ICare is now trying a new technique — rather than cohorting all of the COVID negative residents together, they are trying to pair them with residents who have already had COVID and survived. The thinking being if a resident gets COVID it won’t spread to their roommate and perhaps can be contained.

“We’re trying to see if using our recovered population can help stop the spread,” Skoczolek said. “We’ve been putting all of the naive residents together thinking it was protecting them but if the virus gets in it tears through them.”

Leung said that DPH does believe there is “a degree of protection having residents and staff who have recently recovered.”

While it’s not clear if someone who had COVID-19 and recovered is immune forever, the CDC guidelines do indicate there is some level of immunity.
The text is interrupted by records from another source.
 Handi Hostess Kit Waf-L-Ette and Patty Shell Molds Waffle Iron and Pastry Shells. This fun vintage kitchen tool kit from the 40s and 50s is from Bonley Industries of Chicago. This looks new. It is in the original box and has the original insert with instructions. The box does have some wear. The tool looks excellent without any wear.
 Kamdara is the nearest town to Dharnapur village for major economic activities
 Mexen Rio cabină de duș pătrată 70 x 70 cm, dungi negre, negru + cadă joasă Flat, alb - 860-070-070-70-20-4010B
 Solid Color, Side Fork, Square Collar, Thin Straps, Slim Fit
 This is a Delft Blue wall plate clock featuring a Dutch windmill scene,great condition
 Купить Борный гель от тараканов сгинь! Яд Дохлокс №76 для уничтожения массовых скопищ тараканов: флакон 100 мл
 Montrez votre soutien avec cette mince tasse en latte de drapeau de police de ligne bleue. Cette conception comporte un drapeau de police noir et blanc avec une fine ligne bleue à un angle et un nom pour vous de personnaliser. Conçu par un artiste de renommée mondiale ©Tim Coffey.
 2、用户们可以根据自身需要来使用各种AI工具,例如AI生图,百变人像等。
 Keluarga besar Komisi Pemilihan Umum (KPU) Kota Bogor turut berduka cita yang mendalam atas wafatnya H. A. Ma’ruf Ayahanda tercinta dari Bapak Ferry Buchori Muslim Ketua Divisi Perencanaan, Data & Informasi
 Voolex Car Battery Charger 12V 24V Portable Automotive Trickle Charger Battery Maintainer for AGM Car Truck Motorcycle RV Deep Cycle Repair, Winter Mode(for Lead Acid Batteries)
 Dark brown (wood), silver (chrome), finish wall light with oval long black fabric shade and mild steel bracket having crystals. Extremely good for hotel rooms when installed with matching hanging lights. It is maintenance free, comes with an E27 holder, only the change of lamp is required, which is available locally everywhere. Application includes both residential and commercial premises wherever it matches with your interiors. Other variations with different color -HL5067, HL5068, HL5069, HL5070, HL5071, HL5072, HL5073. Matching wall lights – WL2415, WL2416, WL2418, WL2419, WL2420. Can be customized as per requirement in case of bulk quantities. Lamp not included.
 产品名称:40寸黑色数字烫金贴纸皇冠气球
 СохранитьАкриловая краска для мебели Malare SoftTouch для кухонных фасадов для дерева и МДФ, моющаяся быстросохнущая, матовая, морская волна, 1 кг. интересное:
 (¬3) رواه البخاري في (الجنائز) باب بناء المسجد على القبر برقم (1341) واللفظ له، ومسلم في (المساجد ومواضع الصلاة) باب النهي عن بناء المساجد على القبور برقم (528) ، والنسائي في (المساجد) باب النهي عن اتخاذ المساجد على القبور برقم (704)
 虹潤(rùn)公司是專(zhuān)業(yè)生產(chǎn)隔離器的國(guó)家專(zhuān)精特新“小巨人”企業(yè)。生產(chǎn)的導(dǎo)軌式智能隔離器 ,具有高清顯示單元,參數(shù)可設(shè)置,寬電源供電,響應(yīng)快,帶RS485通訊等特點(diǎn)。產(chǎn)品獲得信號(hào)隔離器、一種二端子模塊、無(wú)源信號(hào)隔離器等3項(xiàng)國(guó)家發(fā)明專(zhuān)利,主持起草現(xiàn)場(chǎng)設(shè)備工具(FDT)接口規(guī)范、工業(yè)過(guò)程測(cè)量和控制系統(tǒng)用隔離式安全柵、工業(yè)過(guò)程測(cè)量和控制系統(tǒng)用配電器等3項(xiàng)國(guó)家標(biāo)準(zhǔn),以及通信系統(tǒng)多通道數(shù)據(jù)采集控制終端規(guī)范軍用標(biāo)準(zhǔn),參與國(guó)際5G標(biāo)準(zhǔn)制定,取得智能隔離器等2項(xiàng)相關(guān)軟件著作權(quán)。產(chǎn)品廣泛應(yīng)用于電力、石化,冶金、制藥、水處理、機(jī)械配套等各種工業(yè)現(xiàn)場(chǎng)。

The guidelines now suggest that most recovered individuals would have a degree of immunity for at least three months following initial diagnosis of COVID-19.

Lucky or Good?

Liistro also owns Manchester Manor, where there have been 62 cases and 25 deaths even though his staff there and at Vernon Manor did exactly the same things to combat the virus.

“Were we just lucky at Vernon Manor or just good at keeping it out?” Liistro wondered. “We locked down our Alzheimer’s unit because we knew from other providers that once it gets into those areas it spreads quickly.”

That’s exactly what happened at Vernon Manor.

“The whole unit all 27 were infected within one week. It just spread like wildfire,” Liistro said.

Through contact tracing he believes the virus entered Vernon Manor through a housekeeper who contracted the virus outside of the facility and was asymptomatic. She was one of the first staff members to test positive; 21 others have since then.

“I think everyone has gotten a little fatigued about COVID and there’s definitely some frustration that people have let their guard down,” Liistro said.